Listen to this post

In December, a Utah-based bank and its service provider entered into an assurance of discontinuance with the Iowa Attorney General and the Iowa Division of Banking, settling an investigation into allegedly usurious installment loans that the bank made to Iowa consumers. The Iowa AG alleges that, between March 2020 and April 2022, the bank made more than 1,600 installment loans to Iowa residents that imposed excessive finance charges in violation of state and federal law. Some of these loans, according to the Iowa AG, carried interest rates of nearly 200 percent, far in excess of the maximum allowable finance charge of 21 percent under the Iowa Consumer Credit Code and the limits established by Section 521 of the federal Depository Institutions and Deregulation Monetary Control Act.

As part of the settlement, the bank agreed to cease making high-interest installment loans to Iowa residents and to provide restitution payments to Iowa consumers that were harmed by the bank’s allegedly usurious loans. The restitution payments will be in the amount that affected consumers overpaid after retroactively resetting their loans to have an effective APR of 21% and crediting any excess finance charge payments to the consumers’ account balance.

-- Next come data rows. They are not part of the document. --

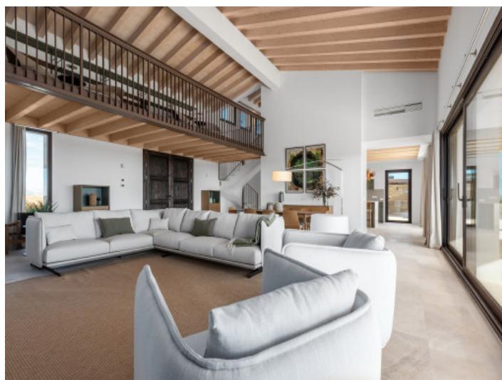
Luminoso salón con galería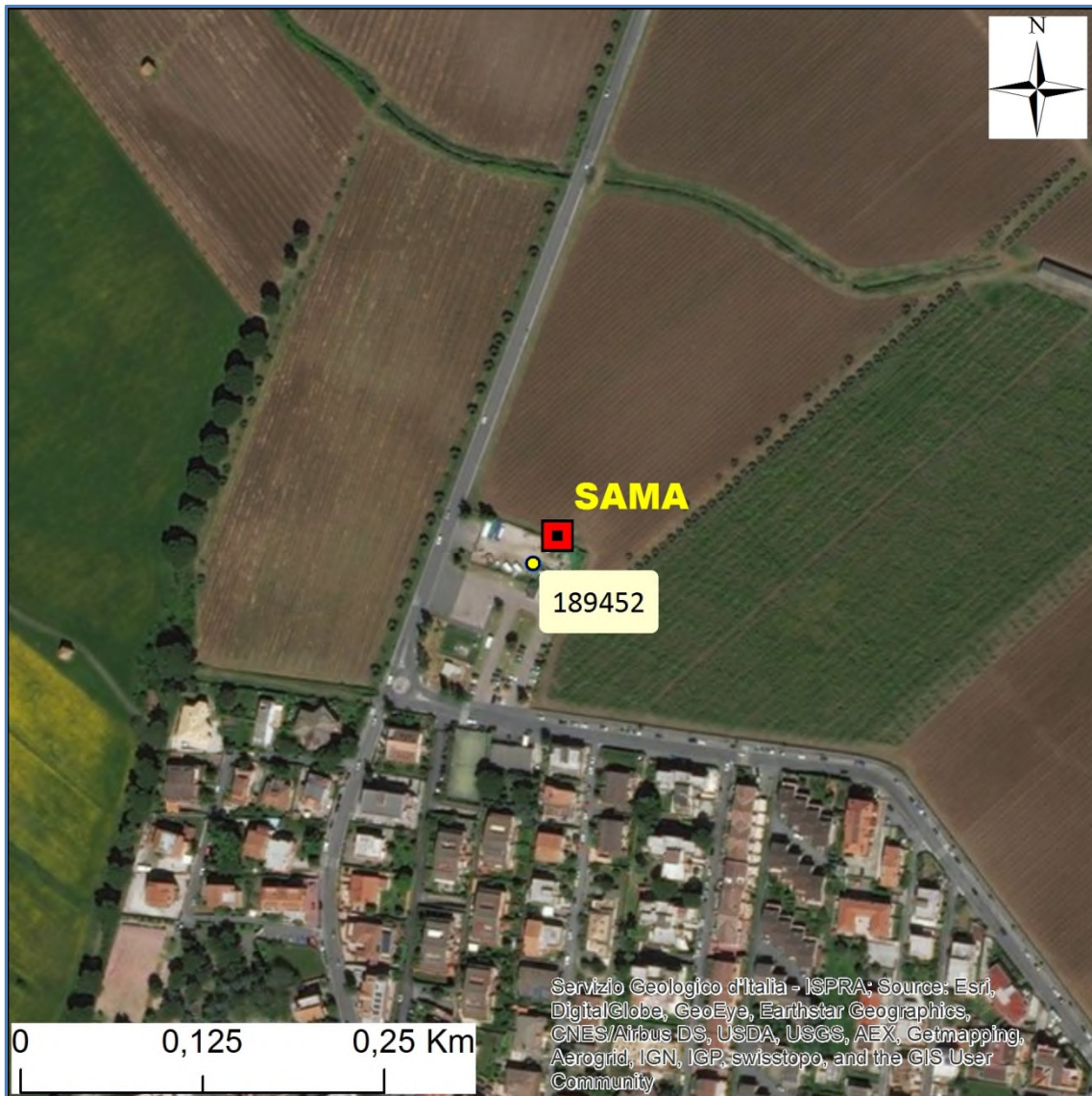
Stralcio dell'ortofoto in scala 1:5.000 con l'ubicazione della Stazione Sismica e del pozzo geognostico estratto dall'Archivio nazionale delle Indagini nel sottosuolo (Legge 464/1984) .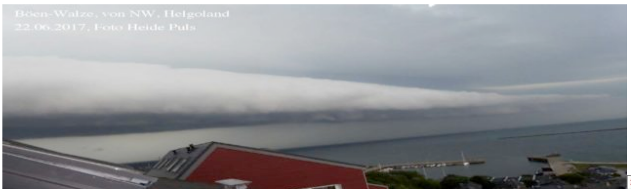
Abb.1: Böenwalze von NW am 22. Juni 2017 über Helgoland (ca. 09.30 Uhr)

Am 22. Juni 2017 zog von NW her eine Unwetterfront über die Deutsche Bucht ( Abb.1 ), und dann über Norddeutschland nach Südosten weiter. Dabei entstand ein Wetter-Phänomen, das nicht so selten ist: In höheren Luftschichten voraus eilende Kaltluft „fällt“ auf der Vorderseite der Front mit Sturmböen zum Boden herunter – es bildet sich eine Böenwalze.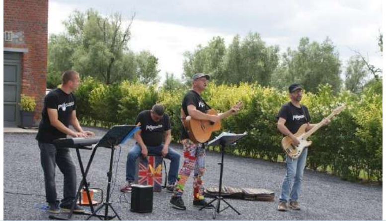
Un été qui commence avec la joie, la bonne humeur et le rythme entraînant du groupe Palissandre.

Une édition de la fête de la musique version COVID. Les artistes se sont rendus dans plusieurs quartiers du village à votre rencontre pour jouer quelques morceaux et saynètes.

Putting it into Practice: This settlement is consistent with other settlements entered into by the Iowa AG in recent years and should be viewed in light of a broader nationwide focus by state and federal regulators to rein in so-called “rent-a-bank” schemes that allegedly attempt to skirt state-law interest rate caps on consumer loans. Allegations made by many state regulators include that rent-a-bank lending enables financing companies, primarily FinTechs, to avoid state usury laws by routing high-interest loans through out-of-state, federally regulated banks. In some cases, these financing arrangements are associated with high default rates, which has in turn spurred an increase in state legislation and enforcement actions to combat bank partnership arrangements that offer loans in excess of state lending laws (see previous blog post here, here, and here). The CFPB has also recently indicated that it is taking a close look at rent-a-bank operations (see previous blog post here). Fintech companies offering high-interest consumer loan products through out-of-state banks should therefore be aware that both state and federal regulators have their sights set on rent-a-bank operations and that further enforcement actions are likely forthcoming.